He had me there.
I rolled my eyes and walked faster instead, fingers tightening around the treadmill handles while I tried not to notice the way his forearms flexed every time he lifted.
The room filled with late-nineties to early-two-thousands alternative rock, the hum of machines, and the rhythmic clank of weights while Cade moved through another set with irritatingly beautiful focus.
Everything about him was disciplined. The food. The workouts. The sleep schedule. The structure. His entire life revolved around keeping his body strong enough to survive hockey.
And goodness, it showed.
“Okay,” he said between reps, slightly out of breath now. “What should I expect from your brothers regarding this weeks street hockey match?”
I laughed softly. “They legit play and scream, ‘Kill them all’ as if they are gods on the asphalt
“Yeah.” He sat up slowly, forearms braced against his knees while he caught his breath, chest rising and falling hard enough to drag my attention straight toward the sweat sliding slowly down the center of his stomach.
I looked away immediately.
Absolutely not.
“Are they immediately gonna check me every thirty seconds?”
I smiled despite myself. “No.
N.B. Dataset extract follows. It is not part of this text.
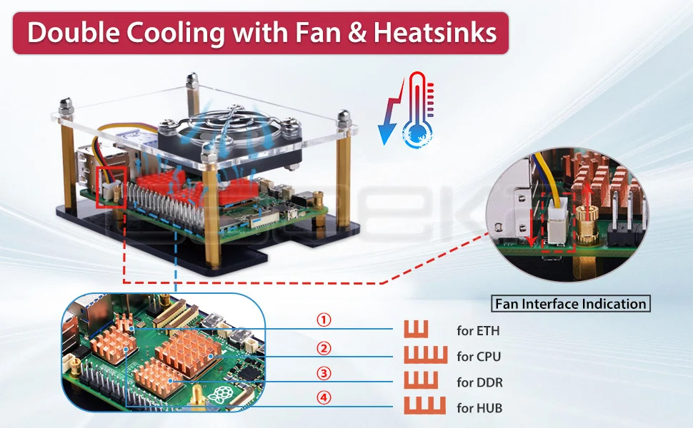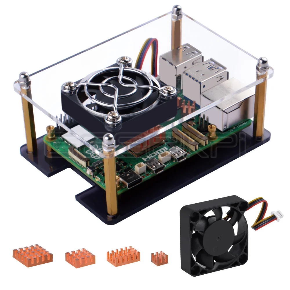Compatibilidad:Compatible con la placa de desarrollo Raspberry Pi 5, incluye una funda acrílica duradera para proteger y enfriar su placa, un ventilador de refrigeración de 40mm para mantener la placa funcionando sin problemas, Y 4 disipadores de calor de cobre puro para disipar el calor rápidamente.

They’ll fight over you being on what team because you’re Mr. Hockey.”
He groaned immediately, dropping his head back dramatically. “That’s concerning.”
“You literally skate into a screaming arena every weekend.”
“Still concerning.”
I stepped off the treadmill long enough to grab my water bottle, condensation cooling my fingertips while I took a long drink.
“They trust me though,” I said more quietly after a second. “My dad and brothers, I mean. They know I am bringing the secret weapon.”
Cade’s eyes lifted toward me instantly, attention locking onto me so completely it almost made my stomach tighten. That was the thing about him. When Cade focused on something, the rest of the world seemed to disappear around it.
And lately, he had started paying way too much attention to me. Not surface-level attention either. Cade noticed everything.
The bruise on my wrist. The way I automatically scanned exits walking into rooms. The split-second tension that hit my body anytime voices got too loud unexpectedly before I forced myself to relax again.
I had slipped letting him watch me the way he did. That was the terrifying part, because I never slipped.
Normally I kept long sleeves on until marks faded. Normally I covered bruises with makeup or jewelry or clothes that would hide them. Normally I stayed aware enough not to get comfortable around men.
But Cade distracted me.
And honestly, that scared the hell out of me because comfort made women careless. Luke had taught me that lesson thoroughly enough for the scars to live in my nervous system now.
That was the terrifying thing about Luke. He didn’t look dangerous when people were watching. He looked calm. Protective. Handsome. The kind of guy parents trusted automatically.
Now every time Cade paid too much attention to me, part of my body reacted before my brain could catch up.
Not because Cade and Luke were the same. They weren’t. That was why it felt even more dangerous. Luke’s attention was about ownership. Cade’s attention felt like safety.
Which honestly might have terrified me more.
Because if Cade met Luke, would he fall for the act too? Would he see the calm, charming version everybody else saw? Or would he notice the cracks the same way he noticed everything else about me lately?
The thought twisted uneasily through my chest because eventually those worlds were going to collide whether I wanted them to or not. Luke knew where my family lived. He knew my routines. He knew Sundays usually meant Bennett house chaos and grilled food and cheering for whatever game was on the big screen loud enough for the neighbors to hear.